* WHAT NEEDS TO BE DONE
Every record below must come back exactly as written, with the images dropped.

+++ GIVEN ENTRIES +++

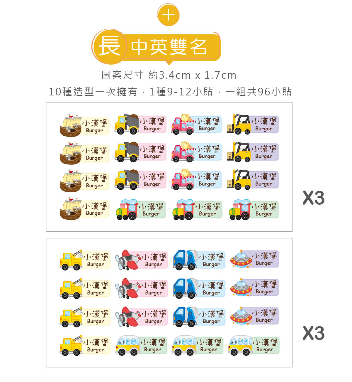 ▶ 一組高級防水姓名貼中英雙名(方形) 96入【交通工具2】V款
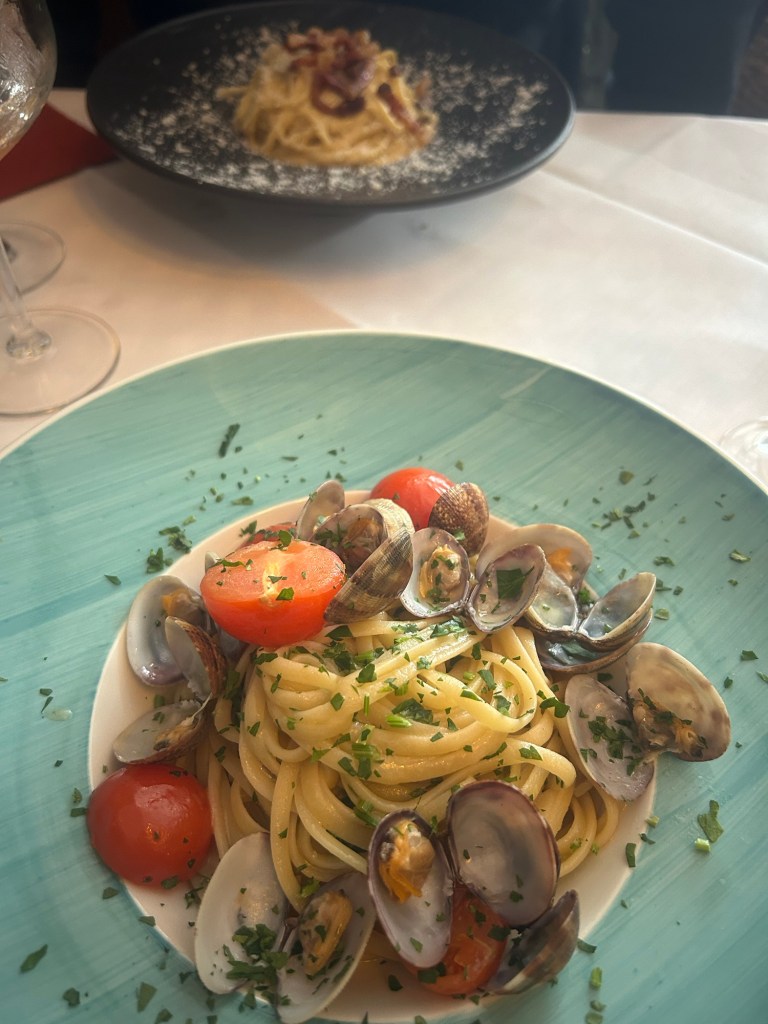 Ich finde ein Haar in den Nudeln und eine noch verschlossene, aber nicht raussortierte Muschel, aber das tut dem Geschmack keinen Abbruch und ich bin sehr zufrieden mit dem allem. Wir sparen uns dann Dessert, Espresso oder Digestif, denn der Liebste hat noch einiges vor. Ich bringe ihn dafür zur U-Bahn und spaziere dann mit Podcast auf den Ohren nach Hause. Dort gibt es dann noch Nachtisch, der mich geradewegs in die Siesta geleitet – mit Tiefschlaf.
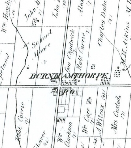The archive photo below shows the village wagon maker’s shop. The population of Burnhamthorpe reached a peak of about 100 in the 1870’s.
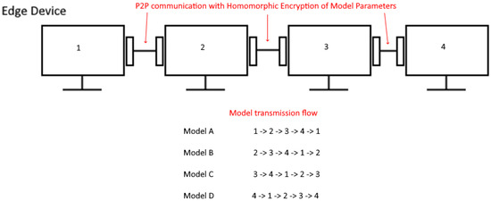 Once all the tensors representing the model parameters have been encrypted, we can then transmit these now encrypted tensors in a round-robin fashion to each peer within the P2P network and perform aggregation via the FedAvg algorithm with a different approach [17]. We first perform addition of each peer’s local model parameters with the encrypted tensors (using Equation (3)) representing a certain peer’s local model parameters, with each peer passing the encrypted model forward to another peer in round-robin fashion (see Figure 2) until the encrypted model returns to the initial peer that made an aggregation request in the network. The initial peer can then decrypt the encrypted model, where represents the sum of all peer model parameters in a decrypted state, which will now contain tensors which represent the sum of all model parameters in the P2P network. We then divide each of these tensors by the number of additional operations performed (see Equation (4)) on the encrypted tensors to determine the global FL model without the risk of model data leakage occurring at any stage in the aggregation process within the network while the model is in possession by a different peer. This process is repeated on each peer within the network, allowing each peer to derive the same global model while maintaining both security and privacy within the network.
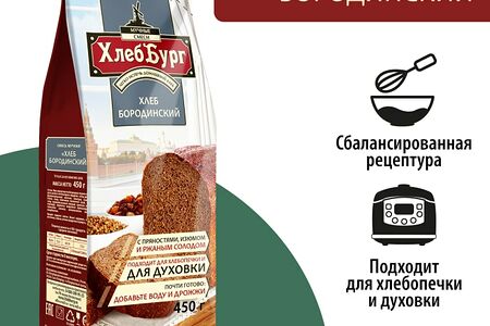 Смесь для выпечки ХлебБург Хлеб Бородинский 450г доставка

+++

* RESPONSE TO THE EXERCISE
 ▶ 一組高級防水姓名貼中英雙名(方形) 96入【交通工具2】V款
 Ich finde ein Haar in den Nudeln und eine noch verschlossene, aber nicht raussortierte Muschel, aber das tut dem Geschmack keinen Abbruch und ich bin sehr zufrieden mit dem allem. Wir sparen uns dann Dessert, Espresso oder Digestif, denn der Liebste hat noch einiges vor. Ich bringe ihn dafür zur U-Bahn und spaziere dann mit Podcast auf den Ohren nach Hause. Dort gibt es dann noch Nachtisch, der mich geradewegs in die Siesta geleitet – mit Tiefschlaf.
The archive photo below shows the village wagon maker’s shop. The population of Burnhamthorpe reached a peak of about 100 in the 1870’s.
 Once all the tensors representing the model parameters have been encrypted, we can then transmit these now encrypted tensors in a round-robin fashion to each peer within the P2P network and perform aggregation via the FedAvg algorithm with a different approach [17]. We first perform addition of each peer’s local model parameters with the encrypted tensors (using Equation (3)) representing a certain peer’s local model parameters, with each peer passing the encrypted model forward to another peer in round-robin fashion (see Figure 2) until the encrypted model returns to the initial peer that made an aggregation request in the network. The initial peer can then decrypt the encrypted model, where represents the sum of all peer model parameters in a decrypted state, which will now contain tensors which represent the sum of all model parameters in the P2P network. We then divide each of these tensors by the number of additional operations performed (see Equation (4)) on the encrypted tensors to determine the global FL model without the risk of model data leakage occurring at any stage in the aggregation process within the network while the model is in possession by a different peer. This process is repeated on each peer within the network, allowing each peer to derive the same global model while maintaining both security and privacy within the network.
 Смесь для выпечки ХлебБург Хлеб Бородинский 450г доставка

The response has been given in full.